**THE DATA**
════════

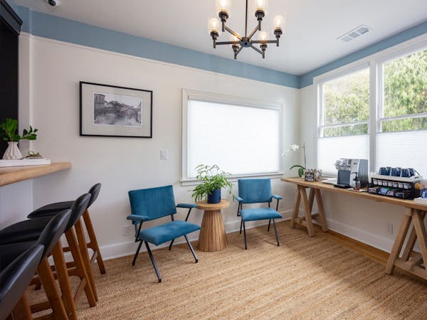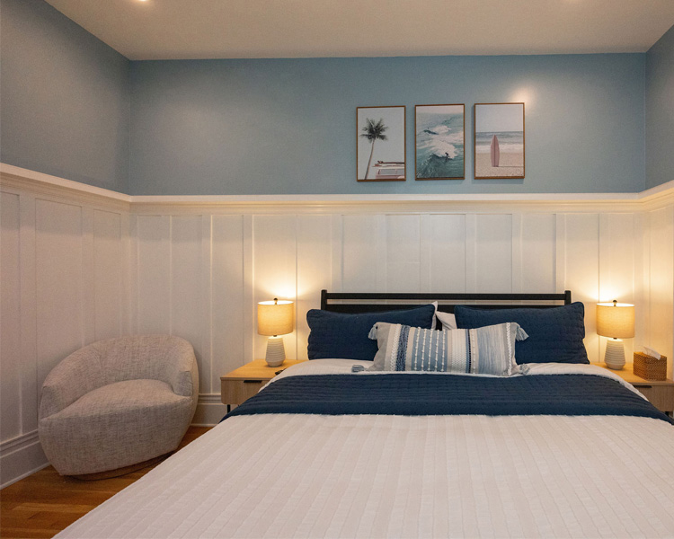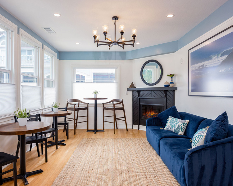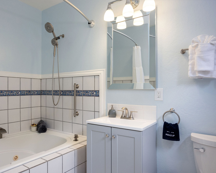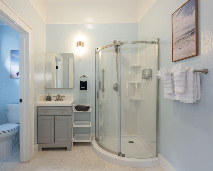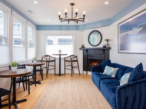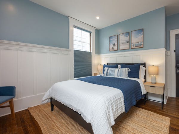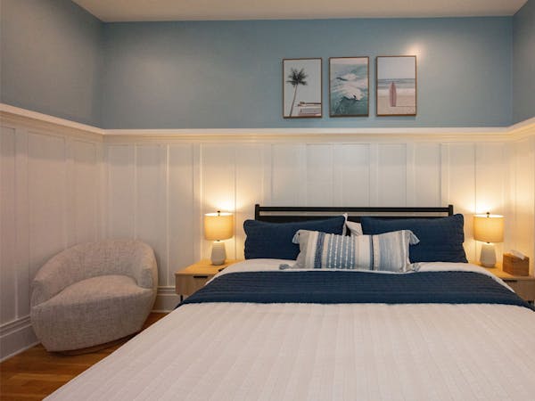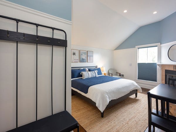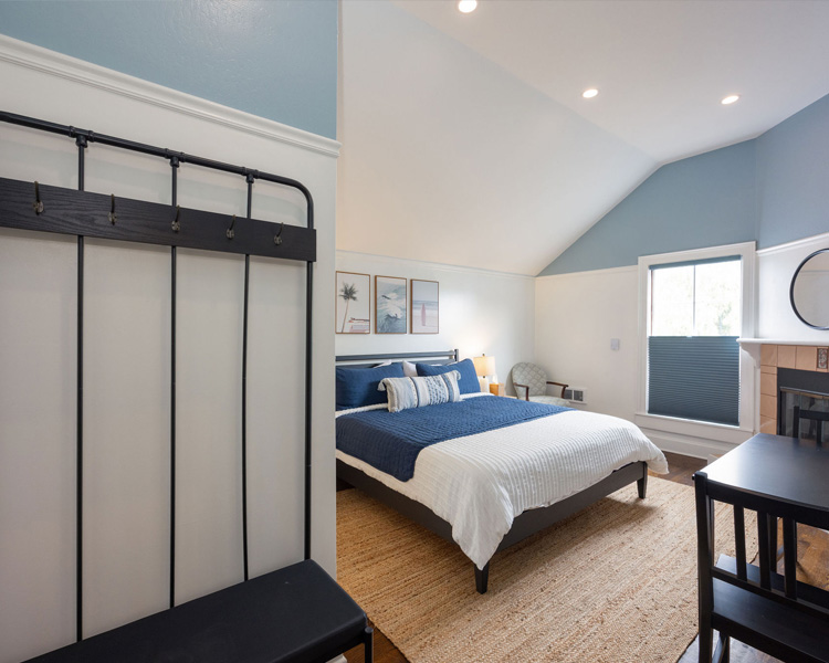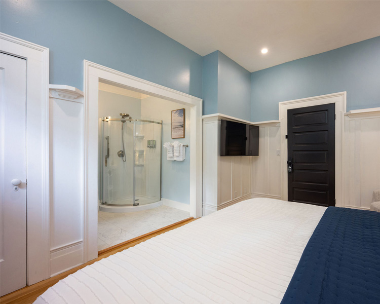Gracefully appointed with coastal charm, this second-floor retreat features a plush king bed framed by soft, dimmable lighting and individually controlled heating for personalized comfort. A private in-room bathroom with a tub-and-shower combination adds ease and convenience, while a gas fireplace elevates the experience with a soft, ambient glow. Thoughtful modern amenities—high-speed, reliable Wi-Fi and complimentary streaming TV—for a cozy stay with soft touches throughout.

════════

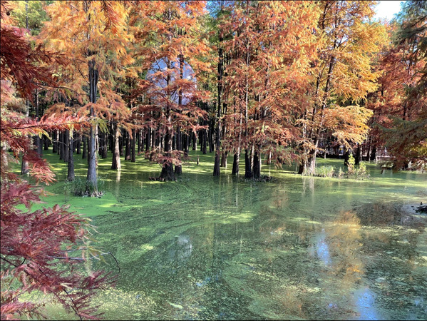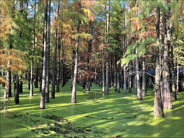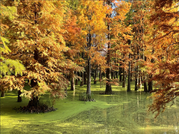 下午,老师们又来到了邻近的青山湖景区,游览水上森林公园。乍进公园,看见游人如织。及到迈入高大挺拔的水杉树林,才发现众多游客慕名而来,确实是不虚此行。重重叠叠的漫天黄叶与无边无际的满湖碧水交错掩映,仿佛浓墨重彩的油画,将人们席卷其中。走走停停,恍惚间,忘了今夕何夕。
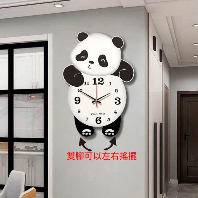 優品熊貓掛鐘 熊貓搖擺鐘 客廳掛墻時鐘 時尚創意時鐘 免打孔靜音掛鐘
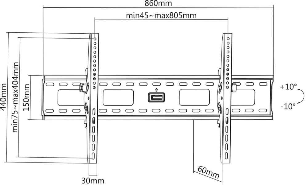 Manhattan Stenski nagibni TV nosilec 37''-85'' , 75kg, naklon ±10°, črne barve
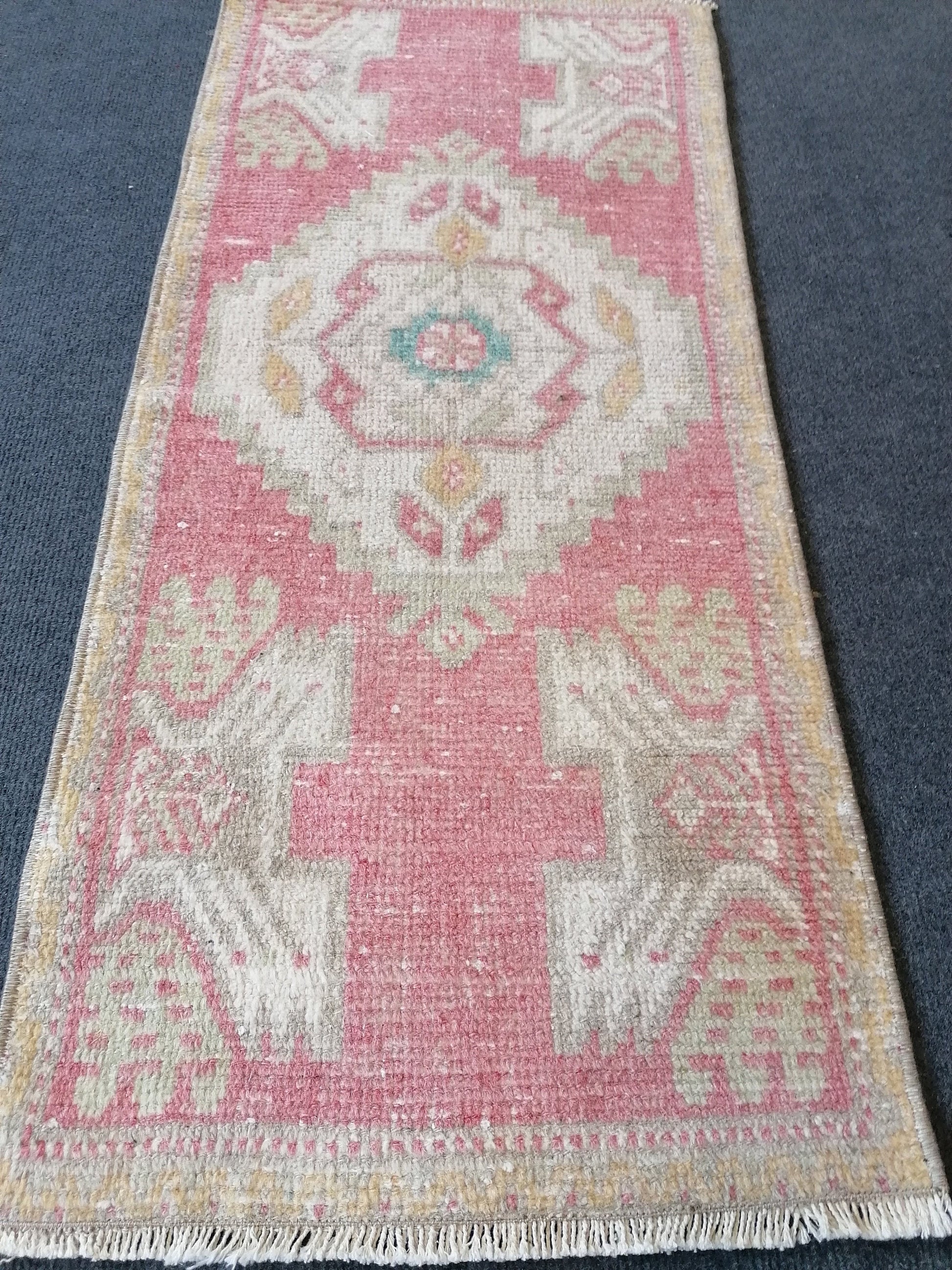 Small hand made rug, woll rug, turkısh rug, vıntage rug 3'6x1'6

════════

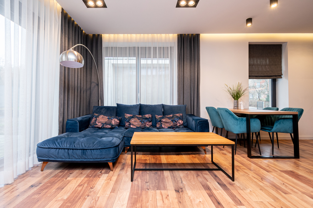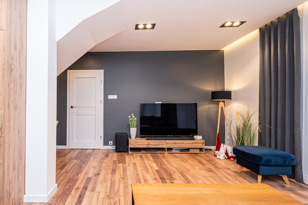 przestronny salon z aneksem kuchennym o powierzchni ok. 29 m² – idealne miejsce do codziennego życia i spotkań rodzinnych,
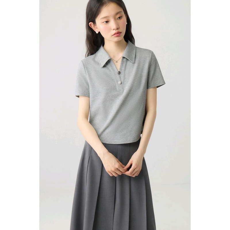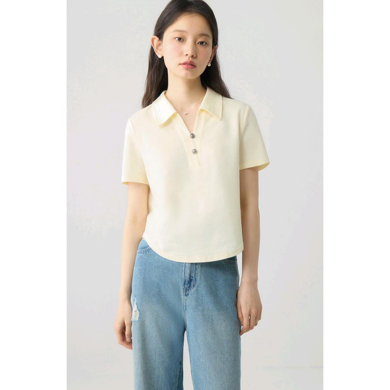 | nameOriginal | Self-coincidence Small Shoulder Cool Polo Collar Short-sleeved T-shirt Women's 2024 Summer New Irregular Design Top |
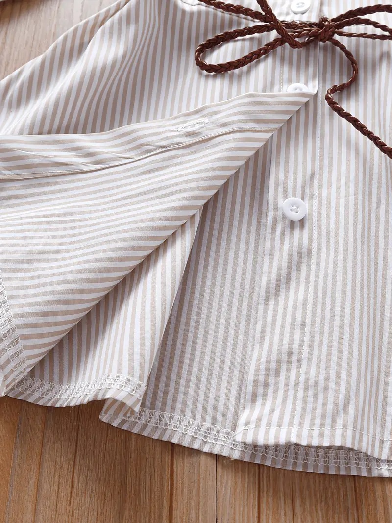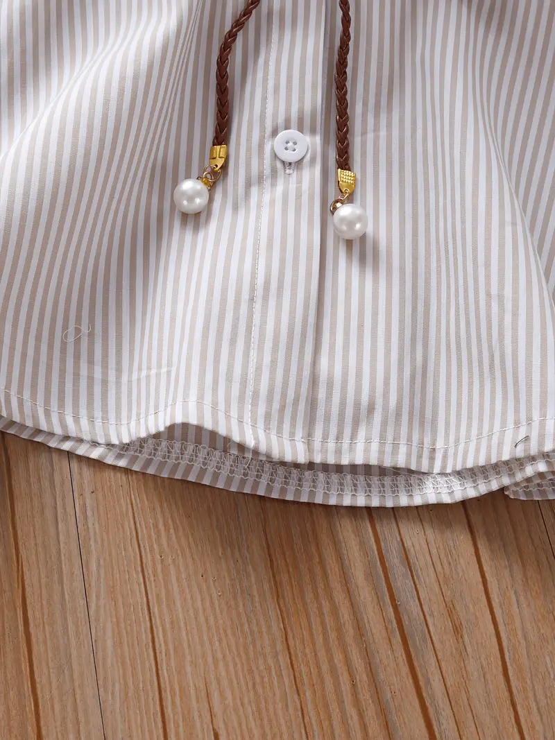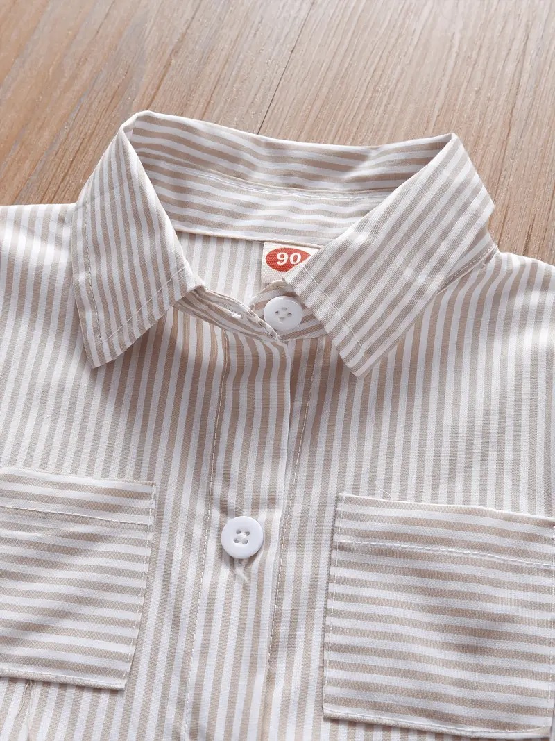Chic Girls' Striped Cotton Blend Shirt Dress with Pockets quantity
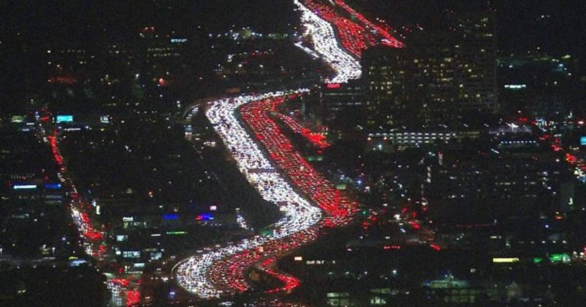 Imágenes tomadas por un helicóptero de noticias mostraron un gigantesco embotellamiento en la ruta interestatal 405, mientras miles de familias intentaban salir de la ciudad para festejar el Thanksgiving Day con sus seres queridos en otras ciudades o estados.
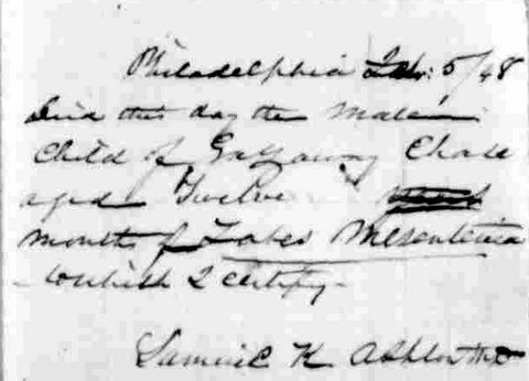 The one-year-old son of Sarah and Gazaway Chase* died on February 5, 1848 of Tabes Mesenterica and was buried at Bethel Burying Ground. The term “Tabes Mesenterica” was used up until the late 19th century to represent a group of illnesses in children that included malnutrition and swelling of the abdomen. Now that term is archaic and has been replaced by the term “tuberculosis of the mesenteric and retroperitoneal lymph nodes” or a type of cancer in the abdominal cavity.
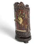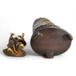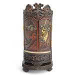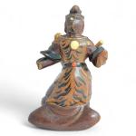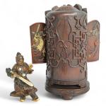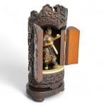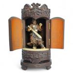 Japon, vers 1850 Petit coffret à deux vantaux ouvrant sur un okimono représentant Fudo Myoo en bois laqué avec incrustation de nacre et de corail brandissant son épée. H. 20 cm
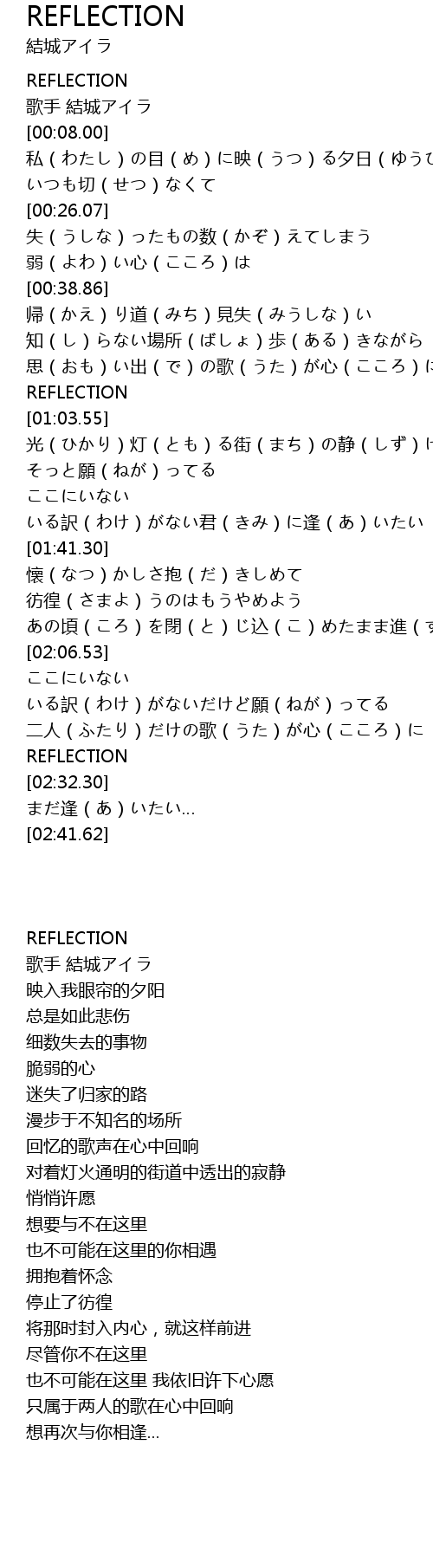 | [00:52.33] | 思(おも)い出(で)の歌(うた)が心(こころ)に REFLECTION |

════════

**ACTIVITY**
Reproduce the listing above from the line that holds "Design Top |" through the line that holds "思(おも)い出(で)の歌(うた)が心(こころ)に REFLECTION |", both included, with the pictures left out.

**RESULT OF THIS TASK**
 | nameOriginal | Self-coincidence Small Shoulder Cool Polo Collar Short-sleeved T-shirt Women's 2024 Summer New Irregular Design Top |
Chic Girls' Striped Cotton Blend Shirt Dress with Pockets quantity
 Imágenes tomadas por un helicóptero de noticias mostraron un gigantesco embotellamiento en la ruta interestatal 405, mientras miles de familias intentaban salir de la ciudad para festejar el Thanksgiving Day con sus seres queridos en otras ciudades o estados.
 The one-year-old son of Sarah and Gazaway Chase* died on February 5, 1848 of Tabes Mesenterica and was buried at Bethel Burying Ground. The term “Tabes Mesenterica” was used up until the late 19th century to represent a group of illnesses in children that included malnutrition and swelling of the abdomen. Now that term is archaic and has been replaced by the term “tuberculosis of the mesenteric and retroperitoneal lymph nodes” or a type of cancer in the abdominal cavity.
 Japon, vers 1850 Petit coffret à deux vantaux ouvrant sur un okimono représentant Fudo Myoo en bois laqué avec incrustation de nacre et de corail brandissant son épée. H. 20 cm
 | [00:52.33] | 思(おも)い出(で)の歌(うた)が心(こころ)に REFLECTION |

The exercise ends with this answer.